Gene expression profiles of the 46 urothelial samples were obtained by hybridization to Affymetrix U133 Plus 2.0 arrays containing 54,613 targets (covering 47,000 transcripts). Due to the paucity of RNA recovered from the urothelial cell samples (ranging from 50-200 ng total RNA), a two-cycle amplification strategy was required to generate enough labeled cRNA for array hybridization (30). As evaluation of minimal starting RNA material is awkward, we added a postarray hybridization quality control strategy to remove samples of insufficient RNA quality from further analysis. A high post chip 5′:3′ ratio of >1 corresponds to high quality material and processing (32).

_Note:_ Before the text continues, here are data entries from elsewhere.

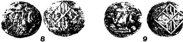
Fig. 8 i 9: Senyals de coure i estany, acabats de fabricar el mes de desembre de 1511 i el mes d'abril de 1512, destinats a circular durant un any. Volum encunyat: 700 lliures de cada.
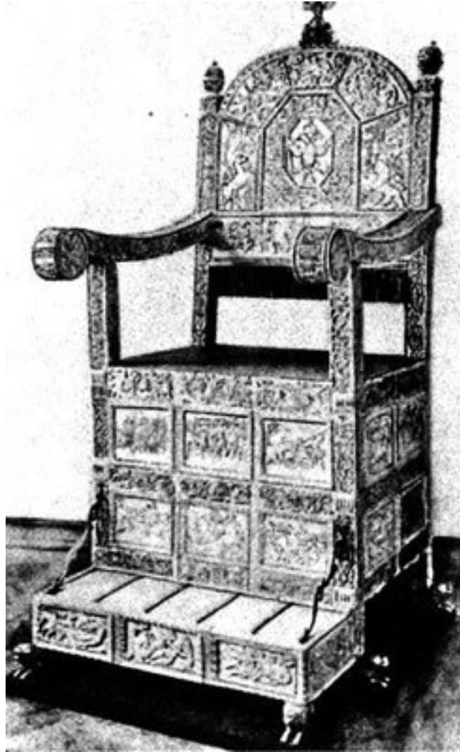
Тронное кресло московских государей XV – XVI веков
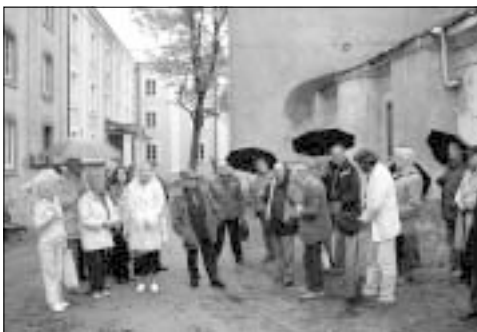
Poetom nie udało się wejść nawet na korytarz Celi...
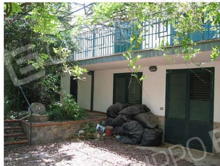
PIANO SEMINTERRATO E P.T.
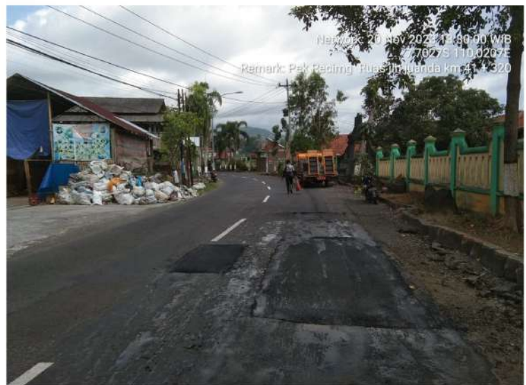
Pekerjaan Penambalan Lubang Jl. Ir. H. Juanda (Purworejo) Ruas 165.13.K Km.Mgl.41+320
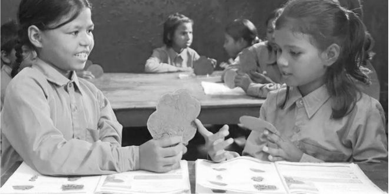
चित्र 3 विद्यार्थी अपनी मातृभाषा का उपयोग करके जोड़ों में किसी विषय की चर्चा करते हैं।

After appropriate normalization, two-way hierarchical cluster analysis resulted in a distinct separation of the samples into two groups and identified a geneset that had expression patterns associated with disease status. The dendrogram (Fig. 1) shows that one cluster contained 19 of the 20 tumor-bearing cases, and the second cluster contained the 26 noncancer cases and one tumor case. A total of 319 differentially expressed genes (P < 0.01) associated with these clusters were ranked by P value (see Supplementary Table S1 in Supplementary Data). The predominant compartmental class of genes in the set encoded integral membrane proteins (110 genes), and 53 genes encoded secreted proteins. These classes are of particular potential for development as biomarkers for urinalysis. The statistical significance of the gene expression correlations with disease status was further refined by calculation of the family-wise error rate. Results derived from 10,000 permutations of the class labels (tumor or normal) revealed that the top 45 genes had a family-wise error rate of <0.05 (Supplementary Table S2 in Supplementary Data; Table 2). Differentially expressed gene information was imported into “Pathway Studio” software (Ariadne Genomics Inc.). This analysis can reveal common regulators and associated pathway components within the data set, based on multiple citations (33). The analysis revealed connectivity between many of the genes associated with bladder disease status, but mapping these relationships showed that this connectivity is mediated through a few key factors that act as signaling hubs (Fig. 2). The two major hubs, vascular endothelial growth factor and angiotensinogen, both up-regulated in tumor cases, are linked directly biologically, and indirectly through three minor hubs FLT1, ANG, and ERBB2.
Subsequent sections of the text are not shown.